▶ Material for this task
◆ ◆ ◆ ◆ ◆ ◆ ◆

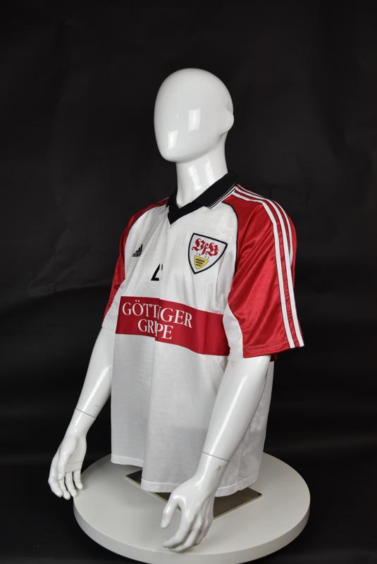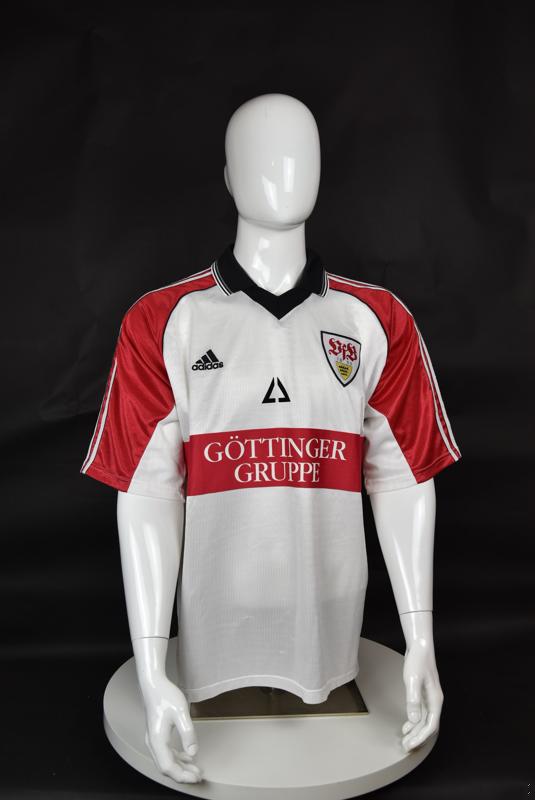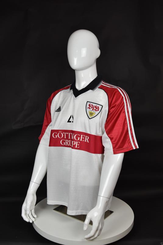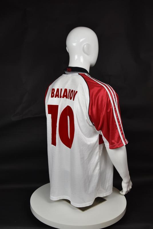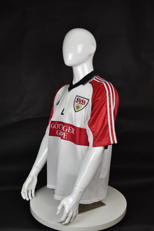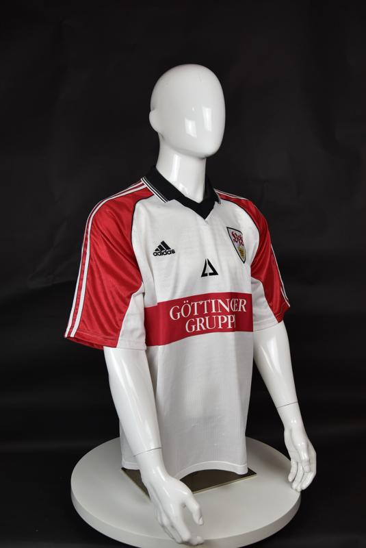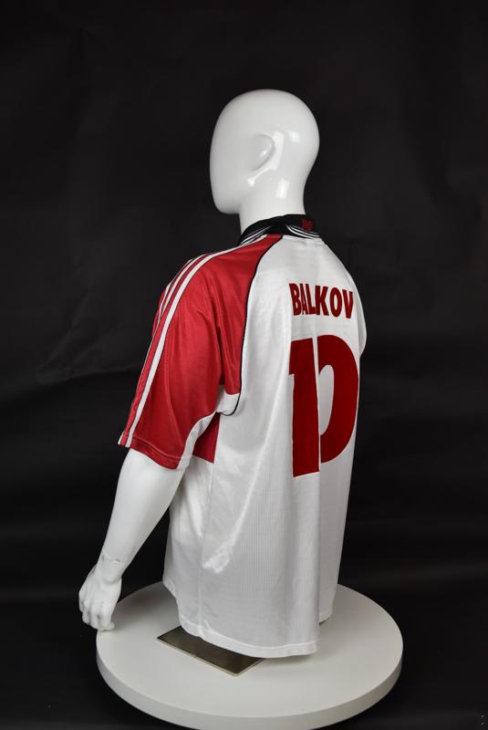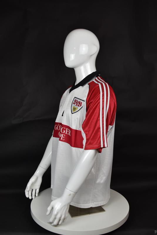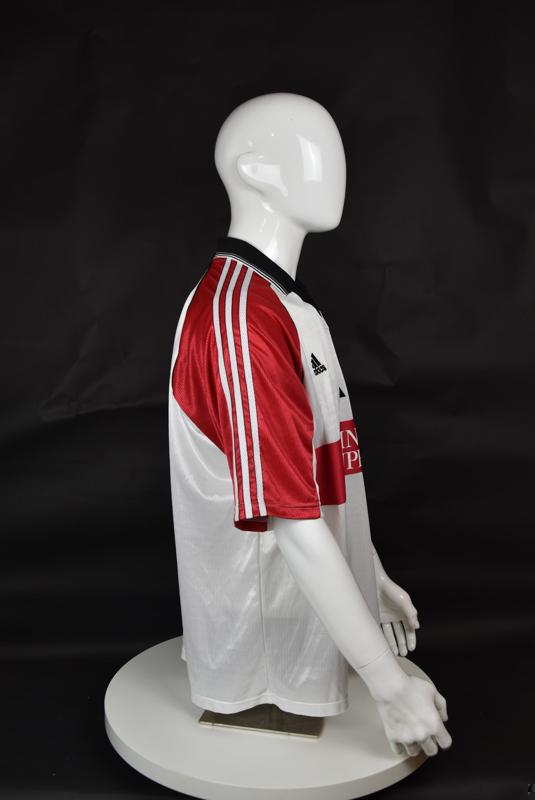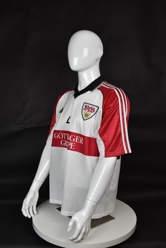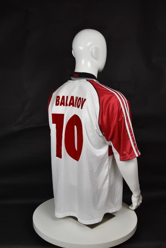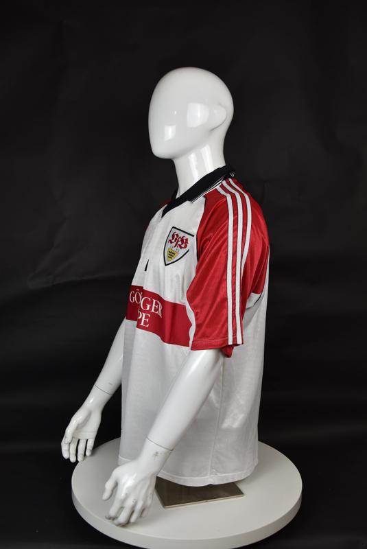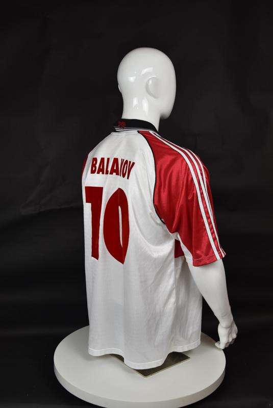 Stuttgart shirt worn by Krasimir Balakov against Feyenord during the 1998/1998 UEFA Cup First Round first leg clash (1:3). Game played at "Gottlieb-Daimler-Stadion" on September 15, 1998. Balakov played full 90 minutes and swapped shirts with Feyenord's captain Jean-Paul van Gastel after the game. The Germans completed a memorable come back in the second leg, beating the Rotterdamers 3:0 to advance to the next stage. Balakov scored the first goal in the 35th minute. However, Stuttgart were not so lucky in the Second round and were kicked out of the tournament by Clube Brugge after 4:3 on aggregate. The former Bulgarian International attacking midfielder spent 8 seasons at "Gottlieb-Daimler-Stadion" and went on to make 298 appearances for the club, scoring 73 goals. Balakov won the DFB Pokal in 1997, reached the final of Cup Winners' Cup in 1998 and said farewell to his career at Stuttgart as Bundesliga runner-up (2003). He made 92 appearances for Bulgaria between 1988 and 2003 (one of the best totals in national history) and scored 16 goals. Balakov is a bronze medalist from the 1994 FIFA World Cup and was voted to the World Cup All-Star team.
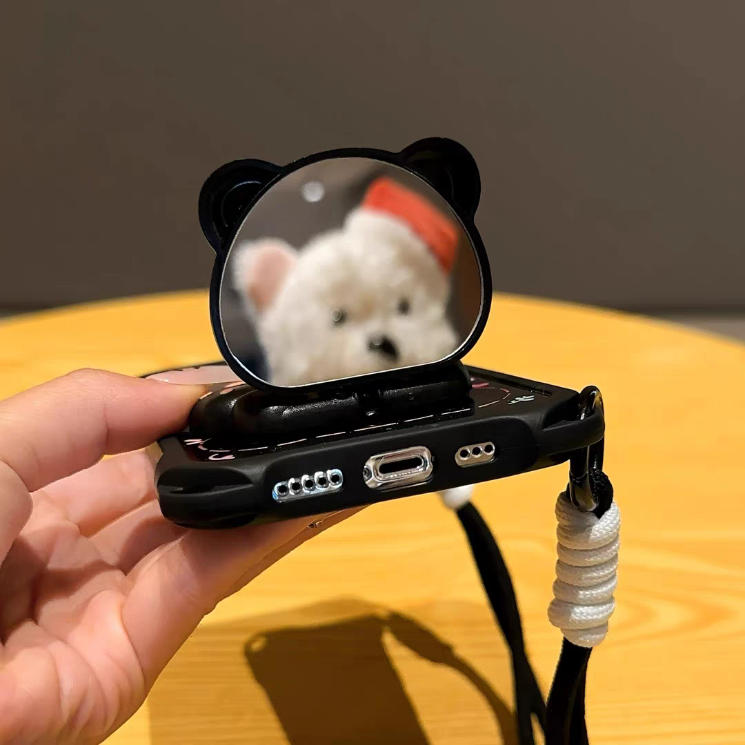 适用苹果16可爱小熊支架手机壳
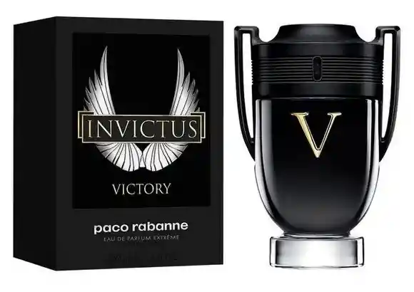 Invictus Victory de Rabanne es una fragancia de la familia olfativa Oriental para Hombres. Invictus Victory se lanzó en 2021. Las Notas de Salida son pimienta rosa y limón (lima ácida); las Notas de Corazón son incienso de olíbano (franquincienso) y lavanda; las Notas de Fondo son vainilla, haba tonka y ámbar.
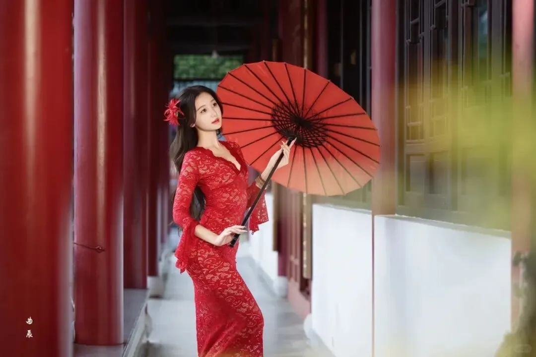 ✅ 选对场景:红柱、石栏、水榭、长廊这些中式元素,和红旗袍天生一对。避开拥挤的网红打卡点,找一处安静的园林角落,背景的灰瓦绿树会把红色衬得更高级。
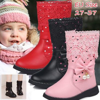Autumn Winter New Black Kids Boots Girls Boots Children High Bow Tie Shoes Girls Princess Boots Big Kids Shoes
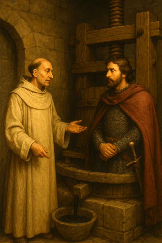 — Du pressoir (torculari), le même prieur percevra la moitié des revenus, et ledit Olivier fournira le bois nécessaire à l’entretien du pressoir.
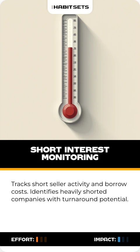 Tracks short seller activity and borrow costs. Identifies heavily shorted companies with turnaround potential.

◆ ◆ ◆ ◆ ◆ ◆ ◆

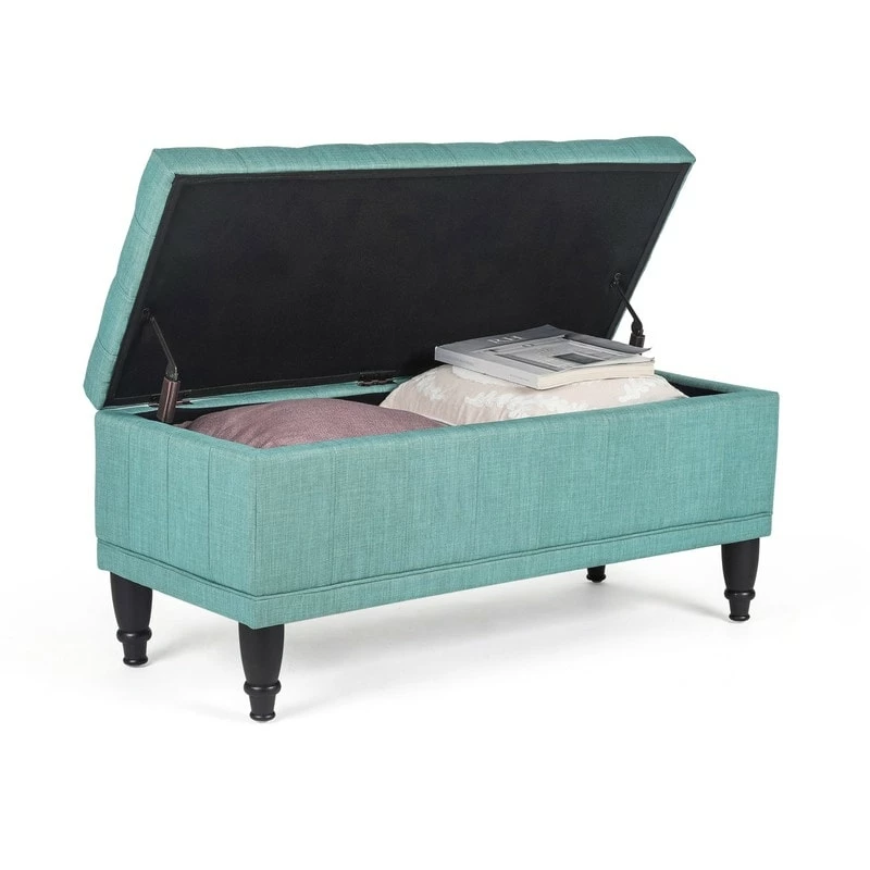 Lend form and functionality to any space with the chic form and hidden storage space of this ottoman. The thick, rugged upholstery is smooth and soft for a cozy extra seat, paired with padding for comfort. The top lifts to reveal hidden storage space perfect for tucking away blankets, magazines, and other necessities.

◆ ◆ ◆ ◆ ◆ ◆ ◆

▶ What is expected
Print the line above containing "Invictus Victory de", the line containing "l’entretien du pressoir.", and everything between them, exactly as written. Pictures stay out.

▶ Response
 Invictus Victory de Rabanne es una fragancia de la familia olfativa Oriental para Hombres. Invictus Victory se lanzó en 2021. Las Notas de Salida son pimienta rosa y limón (lima ácida); las Notas de Corazón son incienso de olíbano (franquincienso) y lavanda; las Notas de Fondo son vainilla, haba tonka y ámbar.
 ✅ 选对场景:红柱、石栏、水榭、长廊这些中式元素,和红旗袍天生一对。避开拥挤的网红打卡点,找一处安静的园林角落,背景的灰瓦绿树会把红色衬得更高级。
Autumn Winter New Black Kids Boots Girls Boots Children High Bow Tie Shoes Girls Princess Boots Big Kids Shoes
 — Du pressoir (torculari), le même prieur percevra la moitié des revenus, et ledit Olivier fournira le bois nécessaire à l’entretien du pressoir.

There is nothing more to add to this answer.